Skierowałam się szybko w stronę dużego balkonu, który był wbudowany w klub i znajdował się na pierwszym piętrze. Był bardzo elegancki i nowoczesny, zresztą jak cała reszta pomieszczenia. Sięgnęłam do mojej torebki  i wyciągnęłam z niej paczkę papierosów, po czym wzięłam jednego i odpaliłam, rozkoszując się po chwili dymem, który wędrował do moich płuc. Byłam niesamowicie zdenerwowana, więc palenie niezmiernie pomagało mi w takich momentach. Sama nie wiedziałam czemu to robię. Dawało mi to swego rodzaju ulgę i zadowolenie. Palenie nie jest czymś strasznym. Zazwyczaj ludzie zastanawiają się jak do cholery można palić? Przecież to psuje zdrowie i inne tego typu pogadanki. To rzeczywiście prawda, ale nie jest to znowu tak straszne jak ćpanie czy nawet picie alkoholu, oczywiście w większych ilościach.

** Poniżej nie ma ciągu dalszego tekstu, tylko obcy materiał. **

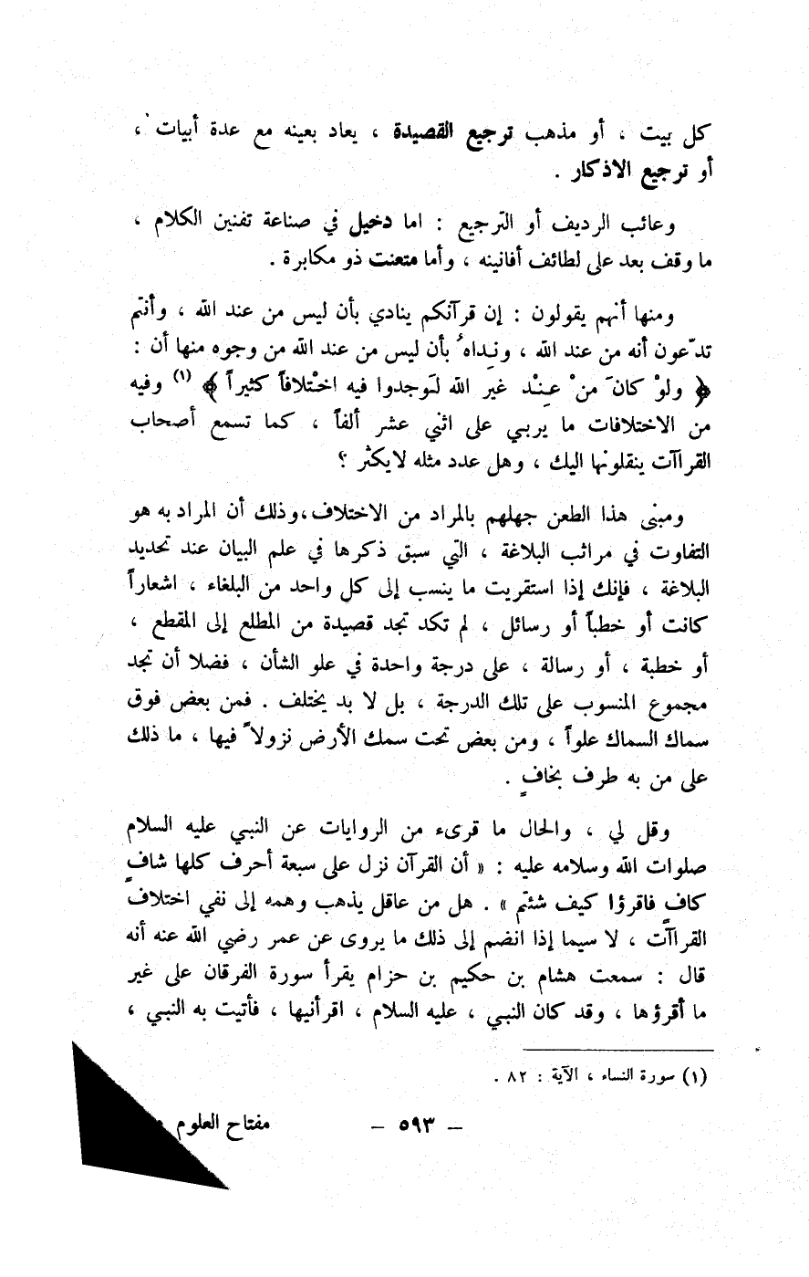 ونظيره ألقوه على وجه أبي يأت بصيرا ومن بحر الرجز دانية عليه ظلالها وذللت قطوفها تذليلا وزنه مفتعلن مفاعلن مفاعلن مفاعلن مفاعلن مفعولن ومن بحر الرمل وجفان كالجواب وقدور راسيات ووزنه فعلاتن فاعلاتن فعلاتن فاعلاتن ونظيره " ووضعنا عنك وزرك الذي أنقض ظهرك " ومن بحر السريع قال فما خطبك يا سامري وزنه مفتعلن مفتعلن فاعلن ونظيره نقذف بالحق على الباطل ومنه أو كالذي مر على قرية، ومن بحر المنسرح " إنا خلقنا الإنسان من نطفة " وزنه مستفعلن مفعولات مستفعلن ومن بحر الخفيف أرأيت الذي يكذب بالدين فذلك الذي يدع اليتيم " وزنه فعلاتن مفاعلن فعلاتن فعلاتن مفاعلن فاعلاتن ومنه لا يكادون يفقهون حديثا، وكذا قال يا قوم هؤلاء بناتي

- Nie wiedziałem, że palisz – usłyszałam znienacka męski głos i choć słyszałam go tylko raz w życiu, to bezwątpienia wiedziałam do kogo należał. Uśmiechnęłam się w duchu, bowiem zdałam sobie sprawę, że ten wieczór może nie będzie do końca taki zły. Nie musiałam się nawet odwracać, bo po chwili obok mnie znalazł się Steven.
Wyglądał nawet bardziej oszałamiająco niż na basenie, co nie wiedziałam, że jest możliwe. Miał na sobie stonowaną fioletową koszulę, do tego czarny krawat oraz rurki i buty tego samego koloru. Wyglądał bardzo męsko i elegancko. No w sumie nie dziwię się, bo dziwne, żeby do tego typu klubu przyszedł w dresach i trampkach.
- A co? Przeszkadza Ci to? – zapytałam zaciągając się po raz kolejny.
- Nic związane z Tobą mi nie przeszkadza – spojrzał na mnie ukazując rząd białych zębów. Dziwne, że w ogóle jeszcze oddychałam.  
- Cieszę się, że jesteś – odparłam bez zastanowienia. Może to za wcześnie, ale niech wie, że swoim pobytem naprawdę wyjątkowo umila mi ten wieczór, bo gdyby nie on, zapewne musiałabym wrócić do tego lokowatego półgłówka, co zupełnie nie szło mi na rękę.
- Ja też się cieszę, bo inaczej nie spotkałbym Ciebie – odwrócił się do mnie przodem. Spojrzałam w dół i zagryzłam wargę, a po chwili moje oczy ponownie były skierowane na jego twarz. – Przyszłaś sama? – odezwał się ponownie
- Nie, jestem z Kathrin. Spotkałyśmy też mojego przyjaciela i siedzimy teraz w loży z jego znajomymi. Chcesz dołączyć? – zapytałam mając nadzieję, że jego odpowiedź będzie pozytywna.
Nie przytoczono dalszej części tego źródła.